The majority of cases in the last five years have been in Alberta and Saskatchewan. Meat from those farms may have been sold domestically or internationally.

CBC News has reached out to CFIA for confirmation and to ask how many elk were sold for human consumption.

Dr. David Swann said it’s “totally unacceptable” that meat from animals in infected herds was allowed into Canada’s food supply.

“They’ve been warned about this for at least a decade-and-a-half from experts in the animal health field,” the medical doctor and former leader of Alberta’s Liberal Party said.

“This is a serious threat to Alberta, to Canada, to our economy, to our agriculture industry, to our wildlife and to human health.

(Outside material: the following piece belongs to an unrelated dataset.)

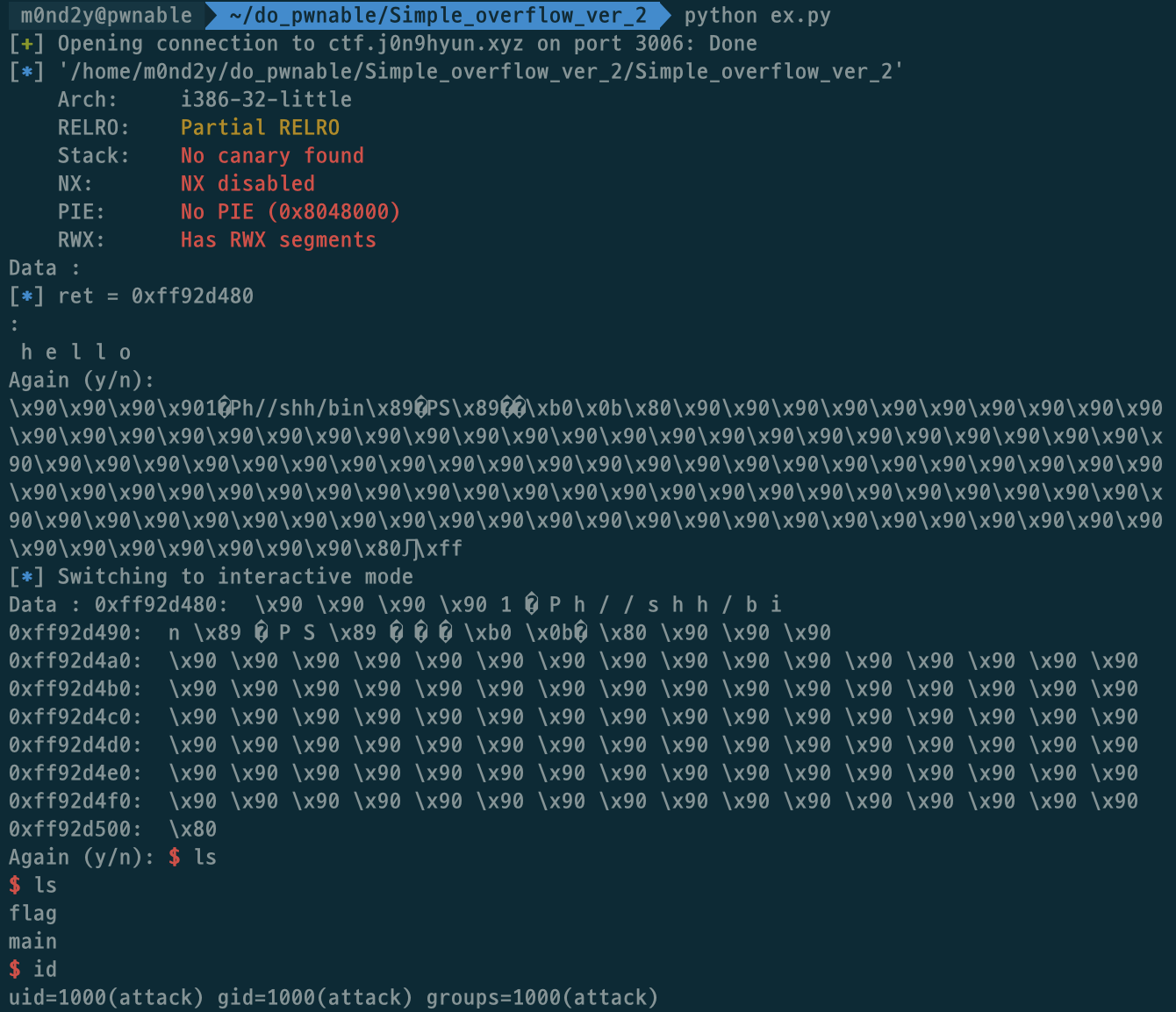 NX가 없으니 쉘코드를 입력해서 실행하면 되겠네요.

It’s just stunning to me that we’ve gone 10 years since the BSE [mad cow] crisis and haven’t recognized an identical problem now with the same kind of illness in deer, and we’re consuming deer without regard to our safety and health.”

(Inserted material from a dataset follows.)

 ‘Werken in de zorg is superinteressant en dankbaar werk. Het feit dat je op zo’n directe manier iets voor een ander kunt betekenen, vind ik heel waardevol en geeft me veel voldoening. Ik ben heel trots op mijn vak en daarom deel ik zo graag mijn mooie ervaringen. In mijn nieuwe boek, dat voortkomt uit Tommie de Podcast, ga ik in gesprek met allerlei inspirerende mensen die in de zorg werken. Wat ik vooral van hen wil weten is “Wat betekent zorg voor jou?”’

Though there’s no direct evidence so far that CWD has been transmitted to a human, recent research indicates the disease can be transmitted to non-human primates and is evolving — similar to what happened with mad cow disease.

Mad cow initially wasn’t believed to be transmissible to humans, and was later found to be linked to variant Creutzfeldt-Jakob disease, a fatal brain disorder in humans.

The CFIA’s website recommends meat from an infected animal not be consumed. Animals that test negative or are under a year old from a CWD-infected herd can be sold for food in Canada — but the CFIA’s website states a negative test doesn’t guarantee an animal isn’t infected.

CBC News reported on Wednesday that no infected meat from deer farms where CWD was found this year was released for human consumption.

But CFIA only initially said no positive elk were released for meat from an Alberta elk farm in February — not that no elk were released at all.

“The big question in my mind should be, ‘Why did you learn nothing from BSE that devastated the agricultural industry?'” Swann said.

He is one of more than 30 doctors, researchers and advocates who signed a letter in June asking federal ministers to take urgent action to limit the disease’s spread.

Prairie residents, Indigenous people most at risk

He said in his opinion, nobody should eat deer, moose, elk or caribou from eastern Alberta or southern Saskatchewan unless the meat has been tested for CWD.

“It’s easily transmitted. So why the provincial and federal governments are not really taking this seriously is beyond my understanding,” he said.

“We know it’s still theoretical that it could transmit to humans, but if it does and lays dormant for years and years before it shows itself  … this could be a devastating pandemic that we will never get under control, and clearly it will threaten Indigenous people more than others because they really rely on the meat annually.”

Dr. Debbie McKenzie, a University of Alberta researcher, has been studying CWD since 2000.

She said she feels CFIA’s current approach is sufficient and the test is quite sensitive — but what she worries about is hunted meat.

“The greatest risk to human health is from hunters … if they’re hunting in an area where there’s CWD and they don’t get their animals tested, or they get their animals tested and choose to eat a CWD-infected animal. That’s the bigger risk to human health.”

McKenzie said that in some parts of Alberta, more than eight per cent of deer are infected — and in parts of the U.S., half of the deer population is infected with CWD.

Hunter Rod Dick with the Alberta Fish and Game Association echoes that concern and is asking the government to implement culls to prevent the disease from spreading.

He said of all the mule deer tested in Alberta last year, 12 per cent tested positive — the heaviest concentrations followed the province’s main rivers, migrating from the Saskatchewan border.

“We can see each year the disease is spreading farther and farther … I know government biologists have a concern that if it crosses Highway 2 and gets to the Foothills, we will never get a handle on it.”